Читать «Срочная командировка, или Дорогая Маргарет Тетчер...» онлайн - страница 26

Юрий Маркович Нагибин

— Какую еще Японию? — не понял Мущинкин. — Ах да, Япония! Много у нас сотрудников было в Японии? Кроме директора — никого. И после такого путешествия вы пользуетесь связями, чтобы отобрать у ваших товарищей поездку в нищую Голодандию!..

— О чем вы? — в отчаянии вскричал Суржиков, хотя на самом дне отчаяния затеплился огонек надежды — гейши не имеют отношения к его вызову в партком.

— Как о чем? — опешил Мущинкин, видя, что собеседник искренне обескуражен. — О поездке в Голодандию.

— На кой она мне сдалась? Я же был там!

— То-то и оно! — вновь завелся Мущинкин. — На золотишко дешевое потянуло, на китайские рубашечки?..

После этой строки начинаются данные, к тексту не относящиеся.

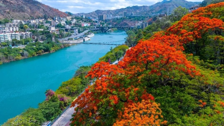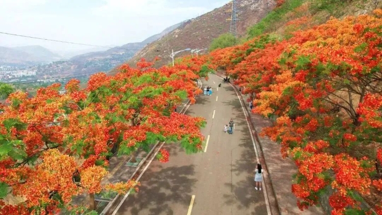 来攀枝花,走在被红云覆盖的街道上,让花瓣落在肩头,看整座城市变成一幅燃烧的油画。

И тут Суржиков окончательно понял, что японский инцидент не имеет никакого отношения к происходящему. Он сразу успокоился.

— Рубашку я уже купил. Мне в Голодандии делать нечего. Я и не слыхал об этой поездке. — Голос его звучал твердо.

— Как не слыхали, когда все только об этом и говорят. Люди работать перестали.

— А я не переставал. У меня за время отсутствия столько скопилось — не разгребешь.

— Можете написать, что вы не претендуете на эту поездку? — успокаиваясь, спросил Мущинкин.

— Да ради Бога!..

— Садитесь. Вот бумага, ручка: пишите… В партком КБ… ФИО… заявление. «В связи с крайней занятостью по месту основной работы и плохим состоянием здоровья, подорванным тяжелым климатом Японии, а также сознавая свои обязательства перед коллективом и товарищами, не имевшими длительное время зарубежных поездок, ехать в Голодандию категорически отказываюсь». Подпись.

Мущинкин взял заявление, прочел его про себя, шевеля губами, и спрятал в карман коверкотовой «сталинки».

Этот строгий полувоенный китель был проявлением легкой и неопасной фронды. После так называемого разоблачения культа личности большинство партийных руководителей поспешило напялить костюмы-тройки и галстуки. Но не все оказались конформистами, гвардейцы духа, верные милой тени (при всех отдельных ошибках этой тени), не изменили аскетическому облику большевика строгих и ласковых сталинских дней.

— Ну и хорошо, Суржиков, так держать. В партию хочешь? — Мущинкин всем беспартийным говорил «вы», оставляя сердечное «ты» лишь для настоящих товарищей, но сейчас он испытывал такое доверие к Суржикову, что подарил его этим братским обращением.

— В какую? — не понял Суржиков, но тут же спохватился: — Спасибо, товарищ Мущинкин, я еще не готов.

— Я тебя не тороплю. Будь здоров. Постой, а правда, в Голодандии золотишко баснословно дешевое?

— Не знаю, нам не давали карманных денег.

Выпроводив Суржикова, Мущинкин позвонил Ступаку.

— С Суржиковым — нормалек. Олег Петрович тут ни при чем. Обычный бардак. Куда девался Устюжин, пора выводить его на райком.

Ступак ничего не слышал об Устюжине. Слаботочник как в воду канул.

А Устюжин попал в ловушку, предусмотреть которую не могли даже такие ушлые люди, как Мущинкин и Ступак. Началась медицинская страда весьма удачно. Хотя психдиспансер находился в одном из тупиков Божедомки, а наркологический центр — на Каширском шоссе, районный вытрезвитель — за Речным вокзалом, а кожно-венерологическая клиника — в Сокольниках, Устюжину, человеку выносливому и мобильному, удалось охватить их за три дня. Подкрепленный справками, что он не психопат, не наркоман, не алкоголик и не сифилитик, Устюжин бодро устремился за рентгеновскими снимками (в районе Тимирязевской академии) и за электрокардиограммой, которую делали в Чертанове. Дело в том, что нижний этаж его поликлиники обесточился в связи с дорожным строительством — случайно перерубили кабель, поэтому рентгеновский кабинет и ЭКГ не работали.